• [Task objective]: Restate the lines of the material below word for word, from the first through the one containing "Ein Jäger holt", and include nothing else; pictures stay out.

• [Input for this task]:

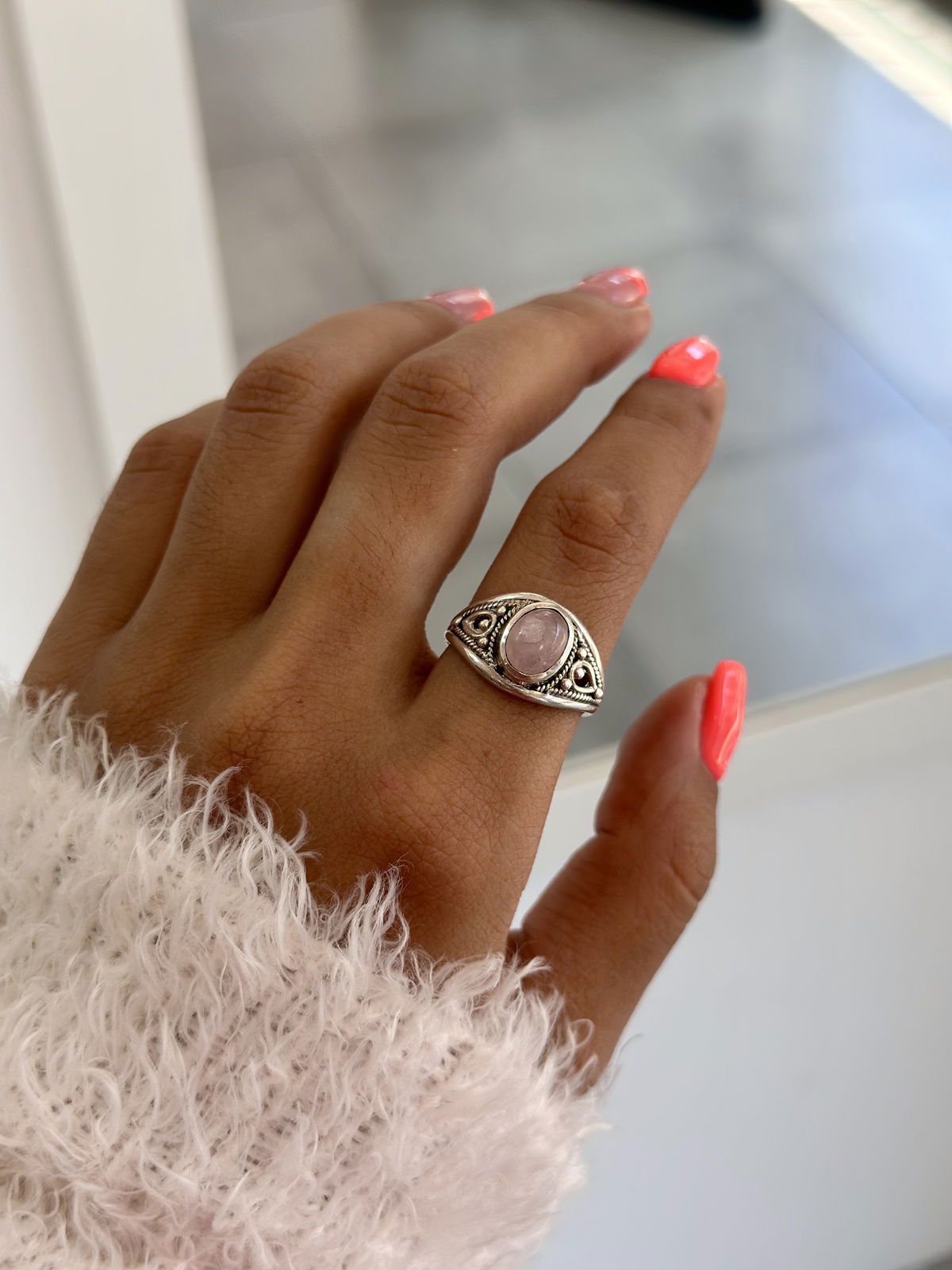 Anillo piedra cuarzo rosa plata925.
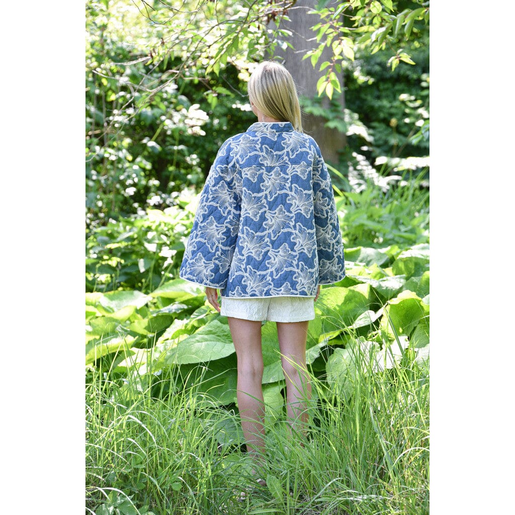 Blå jacka från A-View med offwhite blombroderi. Jackan har dekorativa sömmar och knytdetaljer som ger den ett handgjort uttryck.
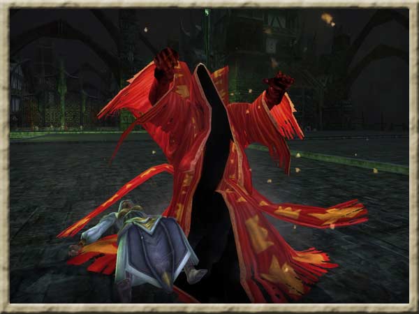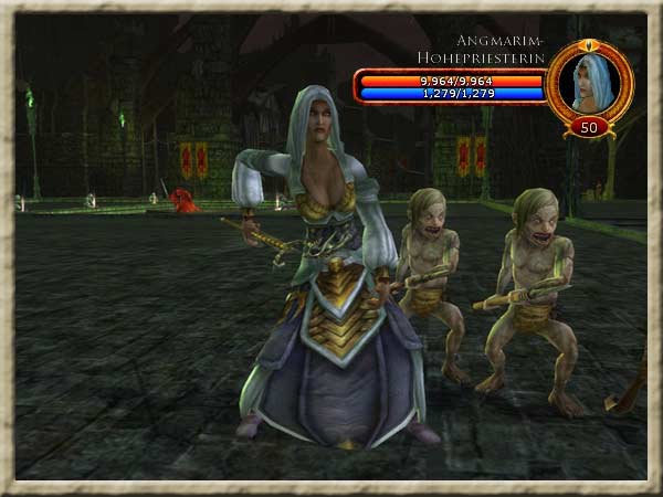 Ein Jäger holt immer eine Angmarim-Hohepriesterin. Diese kommt mit zwei Begleitern vom blassen Volk. Sobald ein Paket an Gegnern besiegt ist, holt man das nächste bis nur noch der Cargûl übrig ist. |
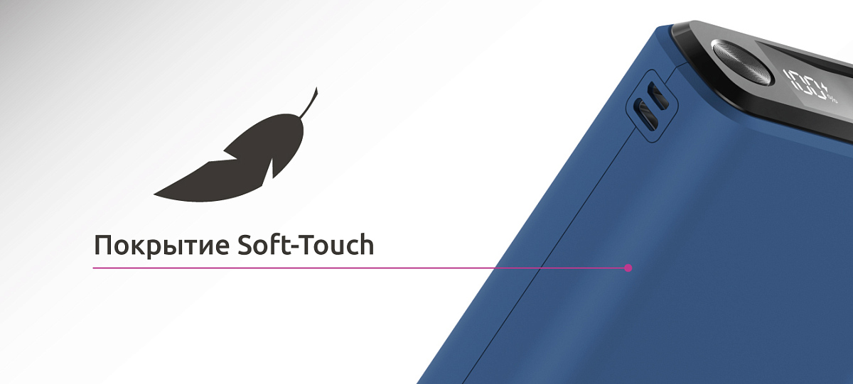 Особенности: сверхмощный павербанк с софт-тач покрытием для повседневной жизни и любого гаджета от наушников до ноутбуков; поддержка технологии power delivery (зарядка ноутбуков); LED индикация зарядки
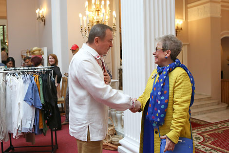Вниманию гостей была представлена выставка рисунков, сделанных детьми представителей дипкорпуса и МИД Беларуси в рамках конкурса "Цвета и символы моей Родины". Продемонстрированы коллекции современной дизайнерской национальной одежды, белорусские сладости, включая линейку шоколада "Президент Эксклюзив". Работала и детская зона.
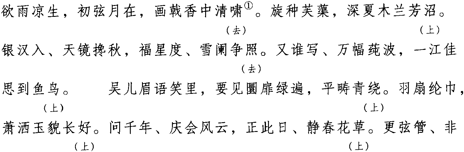 本格双片一百零四字。全词同韵,仄韵,韵字可上声、可去声。韵段内可撤句造句,但须保持其字数不变,见赵必瑑词。另有一百零三字体,见张炎词。此调始见于南宋史达祖《梅溪词》。
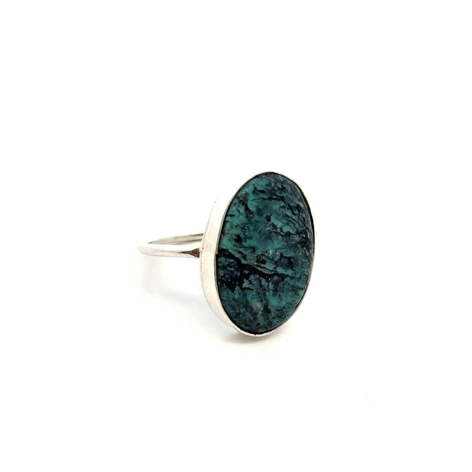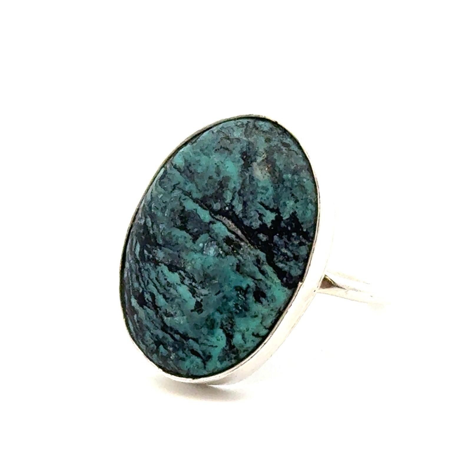 .925 Sterling Silver Oval Turquoise Ring, Size - 8, 4.4g
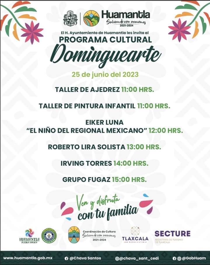 Disfruta el último domingo del mes en el kiosco del Parque Juárez, donde talentos locales y regionales llevarán diversión y entretenimiento a las familias huamantlecas y visitantes con el programa cultural “Dominguearte”.
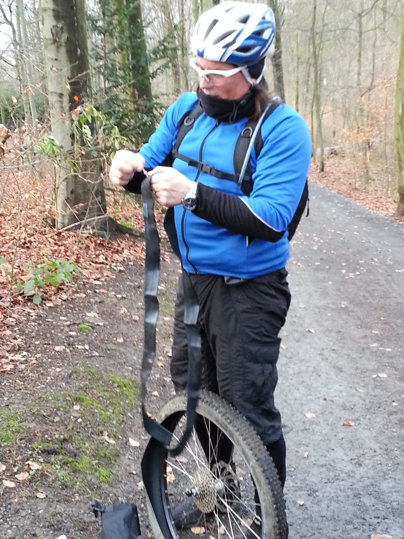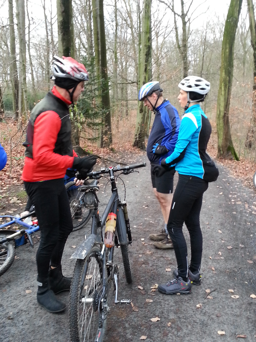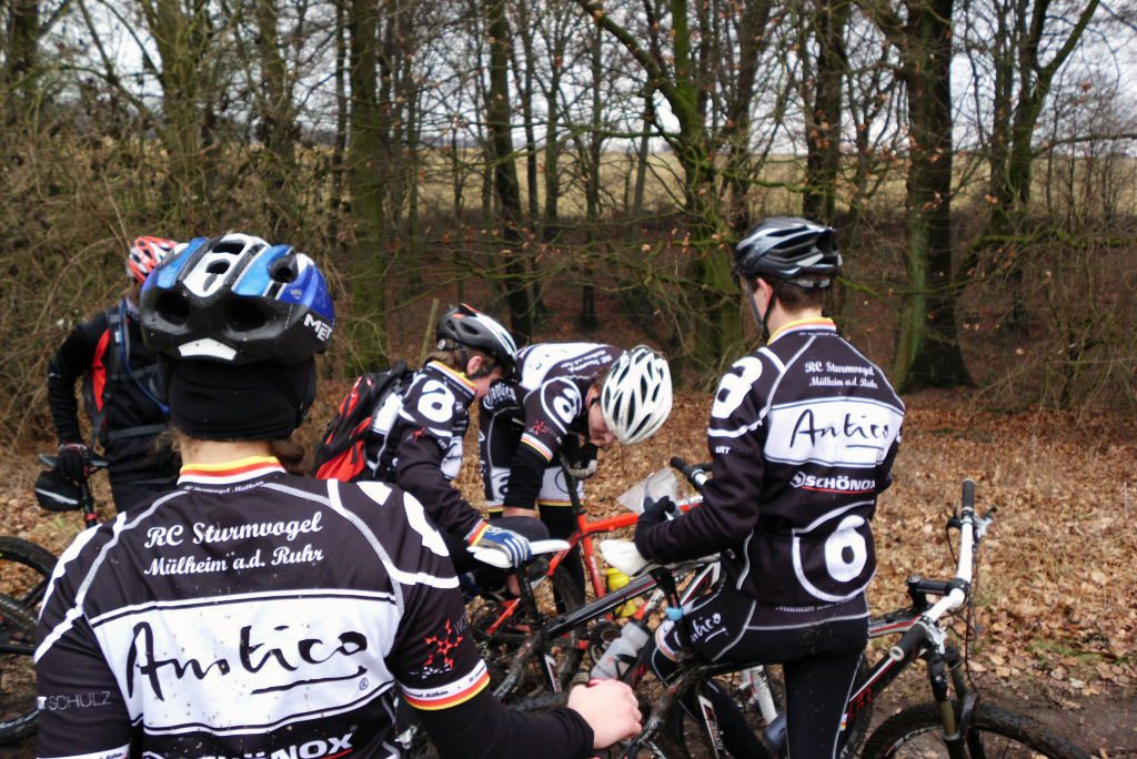 Mülheims Mountain-Biker boten das Basis-Kontingent auf: Friedhelm, Otti, Rainer, Thomas. Felix und Klaus waren vor Ort und drehten die kühle Runde. Die Strecke ohne Schnee ist vielleicht weniger attraktiv, dafür sind die Zehen ziemlich schnell eisigkalt und wir entschieden uns unterwegs für die mittlere Strecke - die ist aber auch durchaus schön. Felix macht unterwegs den alternativen Rundflug, der Versuch, eine Dellle per Spung zu überwinden, endet bei quergestelltem Vorderrad mit einem Salto Mortale. Zum Glück rappelte sich Felix schnell und unverletzt auf - nur der Helm war hinüber und hatte ein Kilo Mutterboden aufgenommen. Die Schutzfunktion des Helms war jedenfalls unverkennbar.
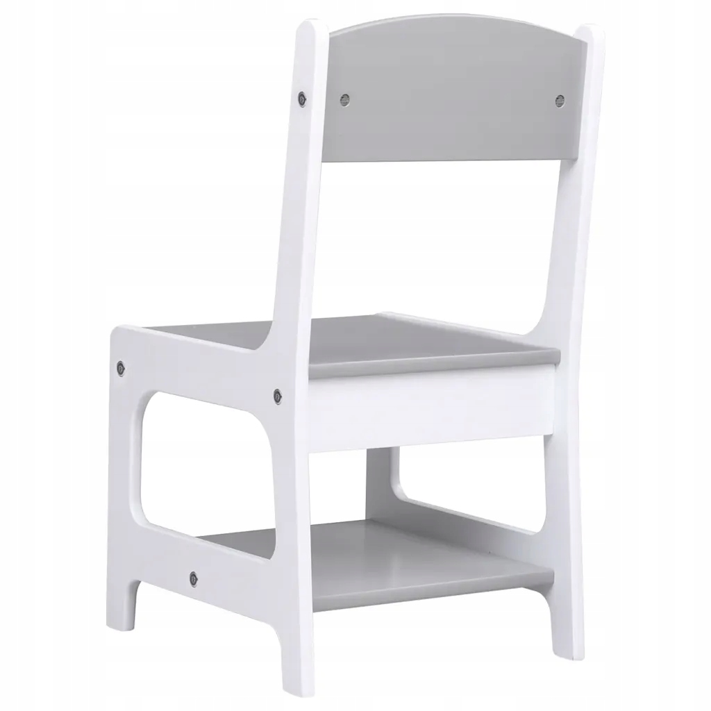 Стол имеет двустороннюю съемную столешницу, покрытую с одной стороны белой доской, а с другой - классной доской. Он идеально подходит как для рисования, так и для письма. Кроме того, стол оснащен практичным отделением для хранения вещей, которое помогает поддерживать порядок в вещах и предотвращает проливание напитков и падение игрушек.

• [Task answer]:
 Anillo piedra cuarzo rosa plata925.
 Blå jacka från A-View med offwhite blombroderi. Jackan har dekorativa sömmar och knytdetaljer som ger den ett handgjort uttryck.
 Ein Jäger holt immer eine Angmarim-Hohepriesterin. Diese kommt mit zwei Begleitern vom blassen Volk. Sobald ein Paket an Gegnern besiegt ist, holt man das nächste bis nur noch der Cargûl übrig ist. |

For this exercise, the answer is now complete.